March of the Indonesian National Armed Forces is the official march of the Indonesian National Armed Forces.  The lyrics and music were composed by Addie MS.

Background 

Before the creation of the current march, the Republic of Indonesia Armed Forces — the predecessor of the current armed forces — had its own march. The March of the Republic of Indonesia Armed Forces was composed by Mangasa Adil Tampubolon, a lieutenant colonel in the Indonesian Army. However, following the fall of Suharto in 1998, the song was rarely used by the armed forces due to frequent mocking and parodying of the song by activists and students. For example, a popular parody of the song changed the first stanza of the song from "Republic of Indonesia Armed Forces/Always ready at any time/To defend and save/The Republic of Indonesia" to "Republic of Indonesia Armed Forces/Useless, dissolve it/Replace with the student regiment, still the same/Let's replace it with scouts instead". , a Kompas reporter, alleged that the parody discouraged the armed forces from using the march and began a discourse to find a replacement.

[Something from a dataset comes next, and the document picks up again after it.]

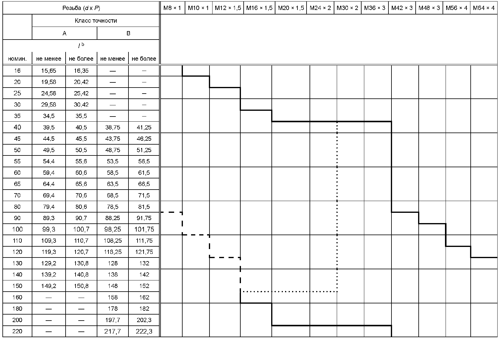 Настоящий стандарт устанавливает характеристики винтов с шестигранной головкой с мелким шагом резьбы с номинальным диаметром резьбы, d, от 8 до 64 мм, класса точности A для номинальных диаметров резьбы, d, от 8 до 24 мм и номинальной длины l, свыше и включительно 10d или 150 мм, выбирая меньшее значение, и класса точности B для номинальных диаметров резьбы, d, более 24 мм или номинальной длиной l, более 10d или 150 мм, выбирая меньшее значение.

However, the commander of the Armed Forces at that time, Endriartono Sutarto, denied that the discourse was prompted by the parody. In an interview with Tempo, Endriartono stated that the discourse was not related to the parody at all; instead, it was prompted by the reorganization of the armed forces. The discourse led to the 2002 decision by Endriartono to commission a new march for the armed forces.

Contest and composing process 
Initially, Endriartono held a contest for the musical units inside the armed forces. Units from the army, navy, and the air force submitted their proposals, but none of the proposals were approved by the generals. The Head of the Information Bureau of the Armed Forces, Major General Sjafrie Sjamsoeddin, proposed Addie MS to compose the march. Other generals approved the proposal, and in December 2002, Endriartono sent a letter to Addie MS requesting him to compose the march. Addie MS stated in a 2003 interview that he was shocked after receiving the letter, and that this would be his first time composing a march.

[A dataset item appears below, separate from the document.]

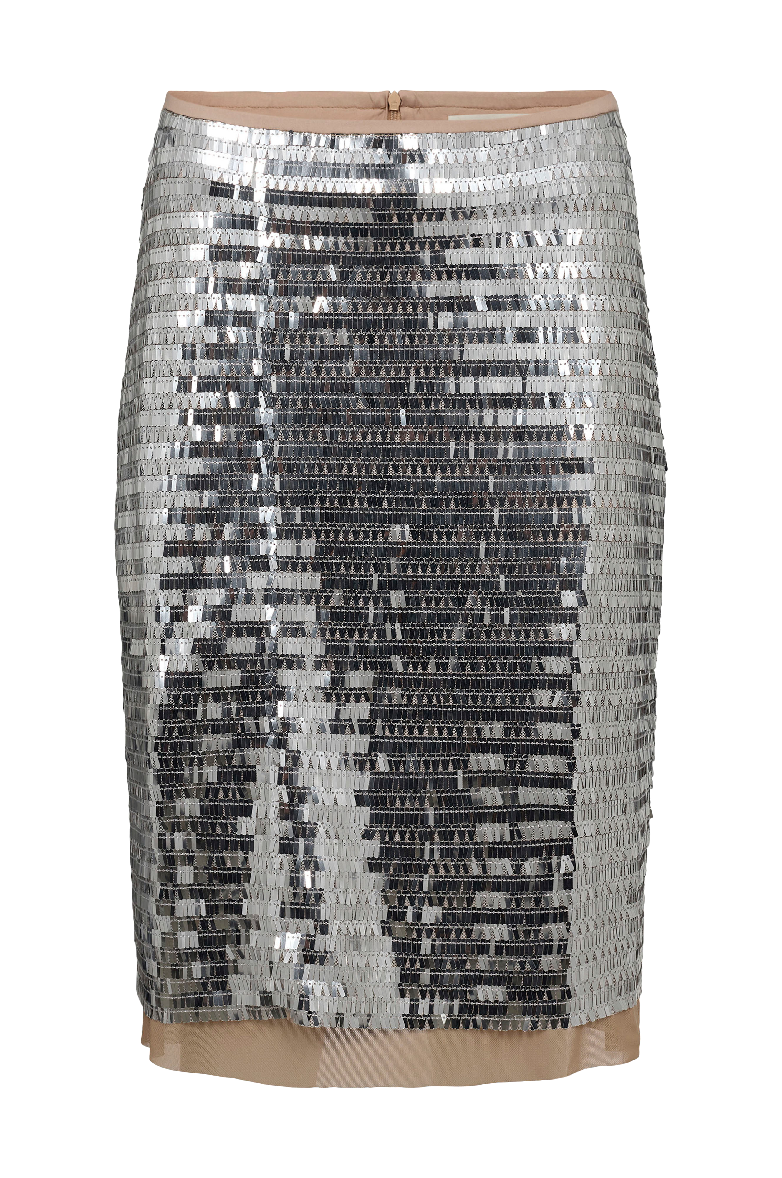 • Hame paljeteilla• Suora, kapea istuvuus• Kätketty vetoketju takaosa• Mesh-kangasvuori• Pituus: 58 cm koossa 36

The letter, which was signed by the Personnel Assistant to the Chief of General Staff Major-General Sutardjo, stated that "In accordance with the organizational change and the separation of the Indonesian National Police from the armed forces, we asked you to compose a new march and hymn for the armed forces or revise the proposals submitted during the contest to replace the March of the Republic of Indonesia Armed Forces." In the letter, the armed forces also wrote down several criteria regarding the lyrics and tempo. The march must include references to the three main doctrines of the armed forces: Saptamarga, the Soldier's Oath, and Pancasila. The song was required to have a minimum of 32 bars, a time signature of either , , or , and a tempo of 120 beats per minute. The Chief of Staff of the Air Force at that time, Chappy Hakim, also asked Addie to include the phrase Satria Nusantara (Warrior of the Archipelago), which was also the name of a popular martial art in Indonesia at that time.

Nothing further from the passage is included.